▶ [What this task involves]: Please transcribe the listing below in full, exactly as written, leaving out its pictures.

▶ [Data block]:

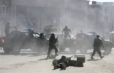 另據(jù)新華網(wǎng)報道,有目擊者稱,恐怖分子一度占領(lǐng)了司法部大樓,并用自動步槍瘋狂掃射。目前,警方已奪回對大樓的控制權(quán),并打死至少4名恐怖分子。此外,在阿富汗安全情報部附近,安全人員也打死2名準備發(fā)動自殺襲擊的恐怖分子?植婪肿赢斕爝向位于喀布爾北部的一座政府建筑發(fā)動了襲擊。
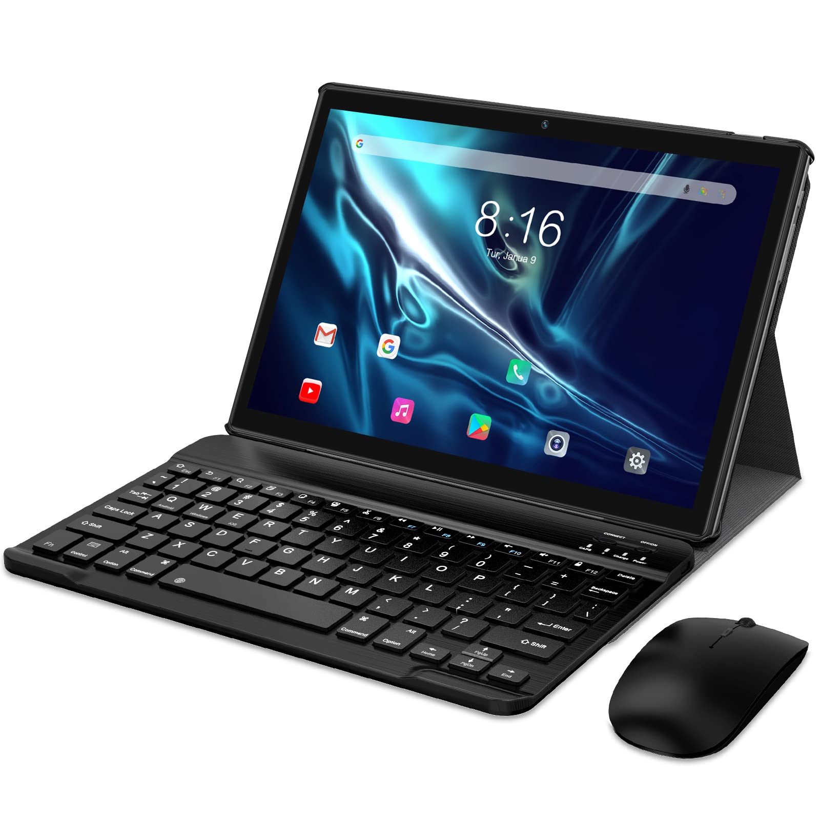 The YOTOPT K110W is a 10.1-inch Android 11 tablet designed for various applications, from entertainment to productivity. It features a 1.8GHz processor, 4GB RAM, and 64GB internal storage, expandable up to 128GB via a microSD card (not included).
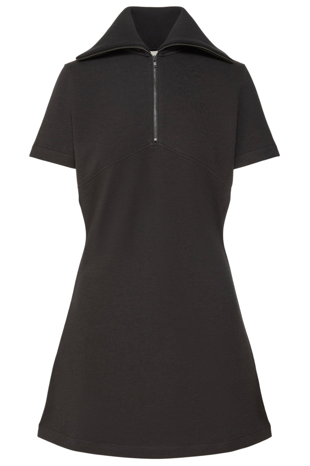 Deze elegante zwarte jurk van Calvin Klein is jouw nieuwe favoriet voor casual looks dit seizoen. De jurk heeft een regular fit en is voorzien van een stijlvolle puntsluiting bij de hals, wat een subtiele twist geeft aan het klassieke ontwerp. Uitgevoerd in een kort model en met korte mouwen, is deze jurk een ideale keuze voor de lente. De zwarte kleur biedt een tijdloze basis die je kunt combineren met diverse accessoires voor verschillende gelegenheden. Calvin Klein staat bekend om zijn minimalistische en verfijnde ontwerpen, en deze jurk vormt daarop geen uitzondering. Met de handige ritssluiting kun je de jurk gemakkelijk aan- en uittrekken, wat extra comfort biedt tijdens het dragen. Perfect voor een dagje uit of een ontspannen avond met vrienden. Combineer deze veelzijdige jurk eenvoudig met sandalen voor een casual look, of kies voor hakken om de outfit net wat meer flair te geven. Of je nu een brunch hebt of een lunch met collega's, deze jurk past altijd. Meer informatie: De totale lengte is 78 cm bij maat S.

▶ [The answer]:
 另據(jù)新華網(wǎng)報道,有目擊者稱,恐怖分子一度占領(lǐng)了司法部大樓,并用自動步槍瘋狂掃射。目前,警方已奪回對大樓的控制權(quán),并打死至少4名恐怖分子。此外,在阿富汗安全情報部附近,安全人員也打死2名準備發(fā)動自殺襲擊的恐怖分子?植婪肿赢斕爝向位于喀布爾北部的一座政府建筑發(fā)動了襲擊。
 The YOTOPT K110W is a 10.1-inch Android 11 tablet designed for various applications, from entertainment to productivity. It features a 1.8GHz processor, 4GB RAM, and 64GB internal storage, expandable up to 128GB via a microSD card (not included).
 Deze elegante zwarte jurk van Calvin Klein is jouw nieuwe favoriet voor casual looks dit seizoen. De jurk heeft een regular fit en is voorzien van een stijlvolle puntsluiting bij de hals, wat een subtiele twist geeft aan het klassieke ontwerp. Uitgevoerd in een kort model en met korte mouwen, is deze jurk een ideale keuze voor de lente. De zwarte kleur biedt een tijdloze basis die je kunt combineren met diverse accessoires voor verschillende gelegenheden. Calvin Klein staat bekend om zijn minimalistische en verfijnde ontwerpen, en deze jurk vormt daarop geen uitzondering. Met de handige ritssluiting kun je de jurk gemakkelijk aan- en uittrekken, wat extra comfort biedt tijdens het dragen. Perfect voor een dagje uit of een ontspannen avond met vrienden. Combineer deze veelzijdige jurk eenvoudig met sandalen voor een casual look, of kies voor hakken om de outfit net wat meer flair te geven. Of je nu een brunch hebt of een lunch met collega's, deze jurk past altijd. Meer informatie: De totale lengte is 78 cm bij maat S.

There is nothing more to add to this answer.